L-DEO will submit a report to NMFS within 90 days after the end of the cruise, which is currently predicted to occur during August, 2004. The report will describe the operations that were conducted and the marine mammals that were detected. The report must provide full documentation of methods, results, and interpretation pertaining to all monitoring tasks. The report will summarize the dates and locations of seismic operations, marine mammal sightings (dates, times, locations, activities, associated seismic survey activities), and estimates of the amount and nature of potential take of marine mammals by harassment or in other ways.

ESA

Under section 7 of the ESA, the National Science Foundation (NSF), the agency funding L-DEO, has begun consultation on the proposed seismic survey. NMFS will also consult on the issuance of an IHA under section 101(a)(5)(D) of the MMPA for this activity. Consultation will be concluded prior to a determination on the issuance of an IHA.

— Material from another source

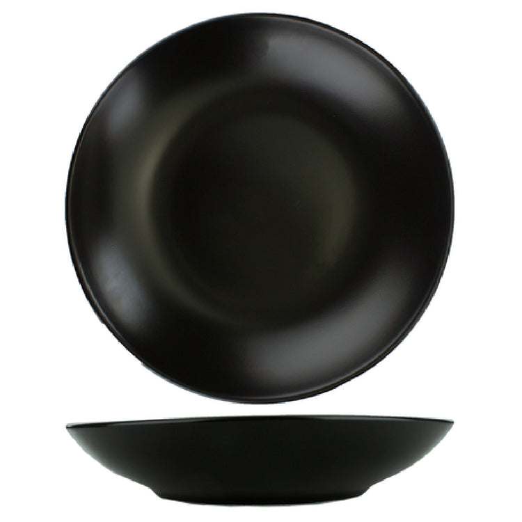 The International Tableware TN-110-MB Pasta Bowl is a versatile and practical addition to any dining setting, with a generous capacity of 40 oz. and a diameter of 10 inches. Standing at 1-7/8 inches high, this bowl offers ample space for a variety of pasta dishes, making it suitable for both personal and professional environments. The round, coupe design ensures a modern and sleek appearance, while the fully vitrified porcelain construction guarantees durability and resilience. Its matte black finish adds a sophisticated touch to any tableware collection, ideal for contemporary dining aesthetics. The bowl is microwave and dishwasher safe, offering convenience for both preparation and cleanup, and is lead-free, ensuring safety and compliance with health standards. The Torino™ collection, packed by the dozen, makes it an excellent choice for restaurants and catering businesses looking to maintain consistency and quality in their service. This pasta bowl combines functionality with style, making it a valuable asset for various market segments within the food service industry, from upscale restaurants to casual dining establishments. Its ability to withstand the demands of daily use while maintaining its elegant appearance highlights its unique value proposition in the tableware market.

National Environmental Policy Act (NEPA)

The NSF has prepared an EA for the Blanco Fracture Zone oceanographic seismic surveys. NMFS is reviewing this EA and will either adopt it or prepare its own NEPA document before making a determination on the issuance of an IHA. A copy of the NSF EA for this activity is available upon request (see ADDRESSES).

Preliminary Conclusions

NMFS has preliminarily determined that the impact of conducting the seismic survey on the Blanco Fracture Zone in the NPO. will result, at worst, in a temporary modification in behavior by certain species of marine mammals. This activity is expected to result in no more than a negligible impact on the affected species or stocks.

For reasons stated previously in this document, this preliminary determination is supported by (1) the likelihood that, given sufficient notice through slow ship speed and ramp-up, marine mammals are expected to move away from a noise source that it finds annoying prior to its becoming potentially injurious; (2) recent research that indicates that TTS is unlikely (at least in delphinids) at until levels closer to 200-205 dB re 1 microPa are reached rather than 180 dB re 1 microPa; (3) the fact that 200-205 dB isopleths would be within 100 m (328 ft) of the vessel; and (4) the likelihood that marine mammal detection ability by trained observers is close to 100 percent during daytime and remains high at night to that distance from the seismic vessel. As a result, no take by injury and/or death is anticipated, and the potential for temporary or permanent hearing impairment is very low and will be avoided through the incorporation of the mitigation measures mentioned in this document.

While the number of potential incidental harassment takes will depend on the distribution and abundance of marine mammals in the vicinity of the survey activity, the number of potentialharassment takings is estimated to be small. In addition, the proposed seismic program is not expected to interfere with any subsistence hunts, since seismic operations will not take place in subsistence whaling and sealing areas and will not affect marine mammals used for subsistence purposes.

Proposed Authorization

NMFS proposes to issue an IHA to L-DEO for conducting a oceanographic seismic surveys on the Blanco Fracture Zone in the NPO, provided the previously mentioned mitigation, monitoring, and reporting requirements are incorporated. NMFS has preliminarily determined that the proposed activity would result in the harassment of small numbers of marine mammals; would have no more than a negligible impact on the affected marine mammal stocks; and would not have an unmitigable adverse impact on the availability of species or stocks for subsistence uses.

Information Solicited

NMFS requests interested persons to submit comments and information concerning this request (see ADDRESSES).

Dated: May 25, 2004. Laurie K. Allen,

Director, Office of Protected Resources, National Marine Fisheries Service.